Is AMPAR Upregulation Related to Enhanced Cocaine-Induced Locomotion in Obesity-Susceptible Rats?

Although greater cocaine-induced locomotion in obesity-susceptible rats is consistent with enhanced mesolimbic function, it is unlikely that this is due to changes in AMPAR expression or function. First, sensitivity to cocaine-induced locomotion is enhanced in selectively bred obesity-prone rats when AMPAR expression and function do not differ between these groups (Oginsky et al, 2016; Vollbrecht et al, 2016; current results). In addition, previous studies have shown that locomotor sensitization induced by repeated cocaine injection produces increases in AMPAR expression and function but that this change does not directly mediate the expression of locomotor sensitization (Ferrario et al, 2010). Rather, experience-induced increases in NAc AMPAR expression and function are more closely related to enhanced incentive motivation (Wang et al, 2013; Ferrario et al, 2010; Wolf and Ferrario, 2010).
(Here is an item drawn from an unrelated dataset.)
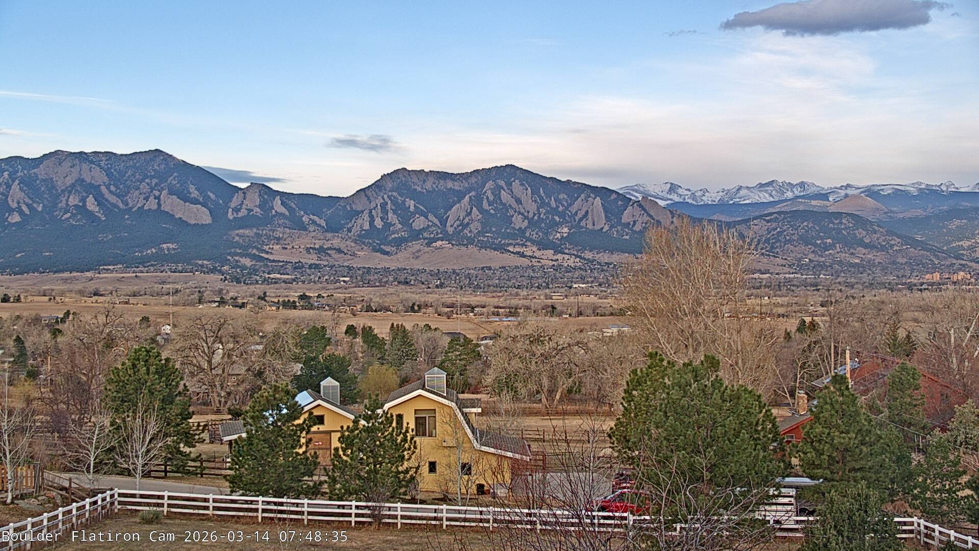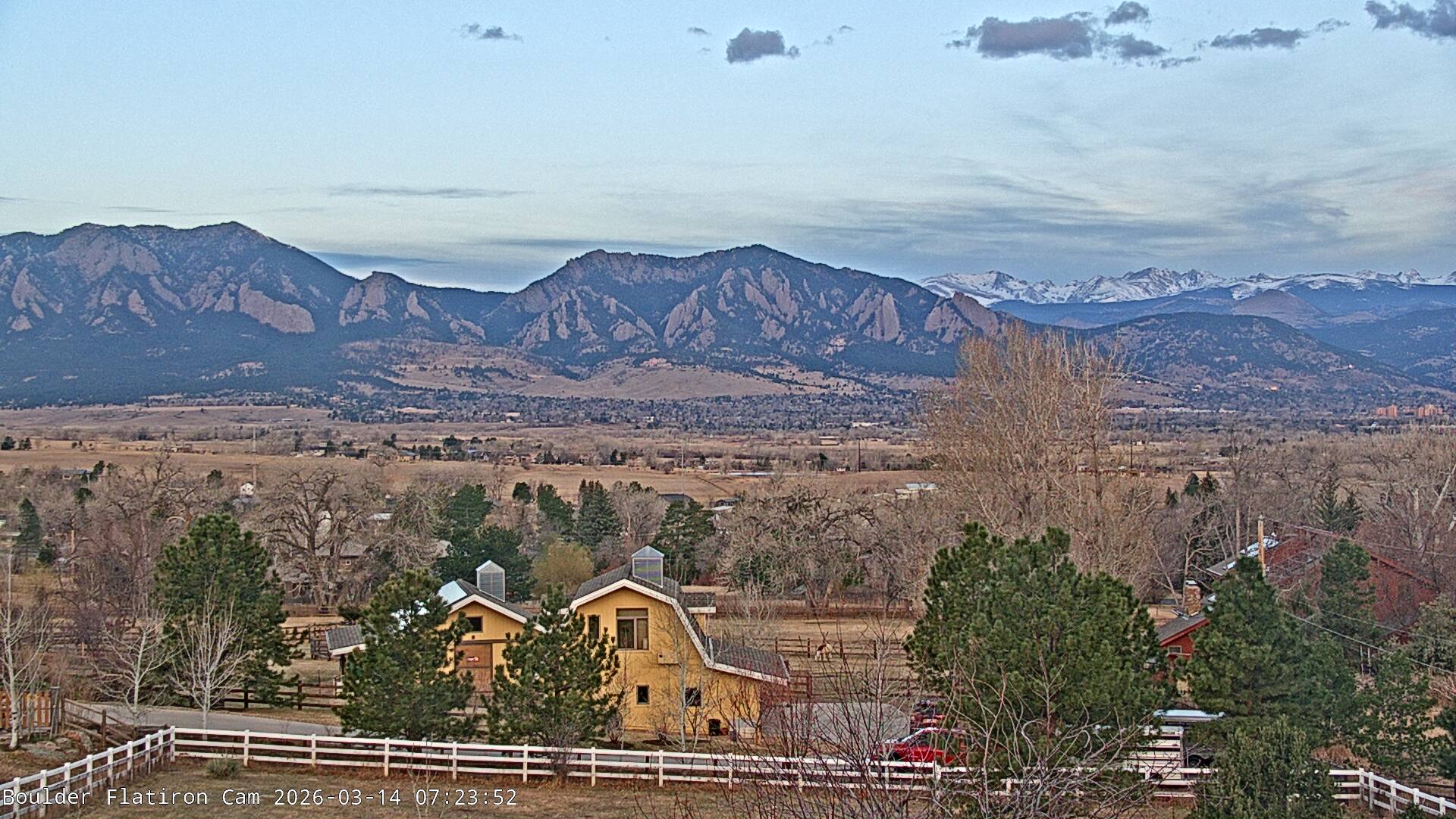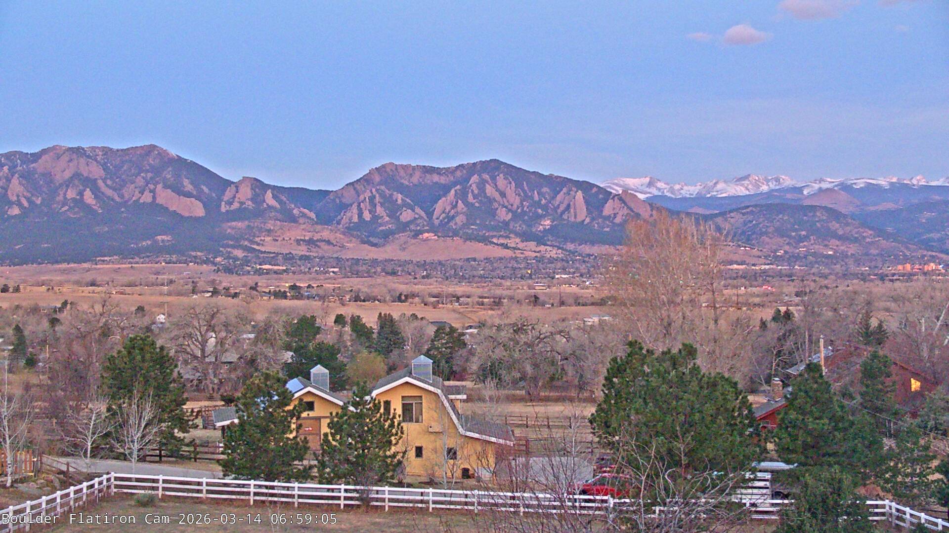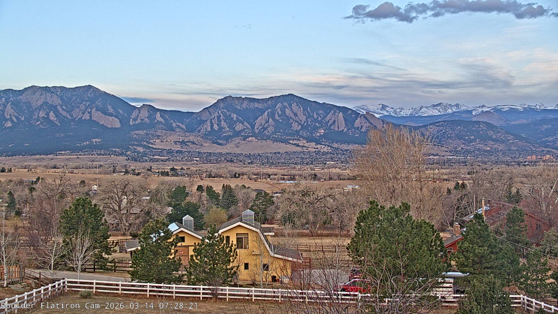 The Louisville cam is the original Boulder Flatiron Cam with it’s view to the west of the Flatirons, South Boulder and the Indian Peaks from the Davidson Mesa area of Louisville.  Be sure to check out the archives, we have almost daily time lapse and archives back to February 2009.

Summary and Future Directions

We show that eating junk-food more readily increases NAc CP-AMPAR expression and function in obesity-susceptible rats. We speculate that CP-AMPAR upregulation contributes to previously observed increases in cue-triggered motivation in obesity-susceptible and obese populations (eg, Robinson et al, 2015), although direct tests of this should be conducted in future. Given the ongoing discussion about the contribution of ‘food addiction’ to obesity (Brown et al, 2015; Carr et al, 2011; Epstein and Shaham, 2010; Kenny, 2011; Volkow et al, 2013), it will be important to determine to what extent these food-induced changes in striatal function may be part of normal, adaptive processes vs maladaptive, ‘addictive-like’ behaviors.

Funding and disclosure

Cocaine was provided by the NIDA drug supply program. This work was supported by NIDDK R01DK106188 to CRF; MFO was supported by NIDA T32DA007268. Research support to PBG was provided by the Michigan Diabetes Research Center (NIH Grant P30 DK020572) and the Michigan Nutrition and Obesity Research Center (P30 DK089503). The authors declare no conflict of interest.